ICO to look at Dixons Carphone breach

The Information Commissioner's Office, which had the power to issue fines, will be looking at the Dixons Carphone data breach

The Information Commissioner's Office (ICO) is investigating the Dixons Carphone data breach, which may have affected up to 2.4m customers.

Dixons Carphone said that the encrypted credit card details of up to 90,000 customers might have been stolen, along with names, addresses, dates of birth and band details.

However, the retailer is now facing a huge backlash due to the length of time it took to go public with the breach. The hack was discovered on Wednesday May 5, but it didn’t let customers know until Saturday May 8.

The firm stressed that the vast majority of customers were not affected. The systems that were compromised belonged to the websites - OneStopPhoneShop.com, e2save.com and Mobiles.co.uk.

“We take the security of customer data extremely seriously, and we are very sorry people have been affected by this attack,” said Sebastian James, chief executive of Dixons Carphone. “We are, of course, informing anyone that may have been affected, and have put in place additional security measures.”

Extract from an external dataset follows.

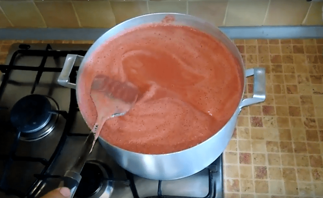 Когда сок начнет закипать, измельчите помидоры в картофелевидке.

Dixons Carphone sent emails to all those potentially affected by the breach, but customers have been taking to social media and public forums to express their anger with the communications provider. Many felt that email attempted to shift the burden of responsibility back onto customers, asking them to cancel cards and check credit reports, which is a chargeable service (see full letter below).

A spokesman for the Information Commissioner’s Office said: “We have been made aware of an incident at Carphone Warehouse and are making enquiries.”

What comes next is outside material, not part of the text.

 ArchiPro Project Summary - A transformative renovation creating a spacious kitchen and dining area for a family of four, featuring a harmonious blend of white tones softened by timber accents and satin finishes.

One of the factors the ICO might be looking at is the time it tool for the firm to go public with the news of the breach.

Communication with the customers affected by the breach has already started with them being warned about potential follow-up issues following last week's attack.

Some of the steps that users should take include checking for unexpected online or account activity, weatch out for calls trying to illicit personal information and to check credit agencies to see if anyone has applies for credit in their name.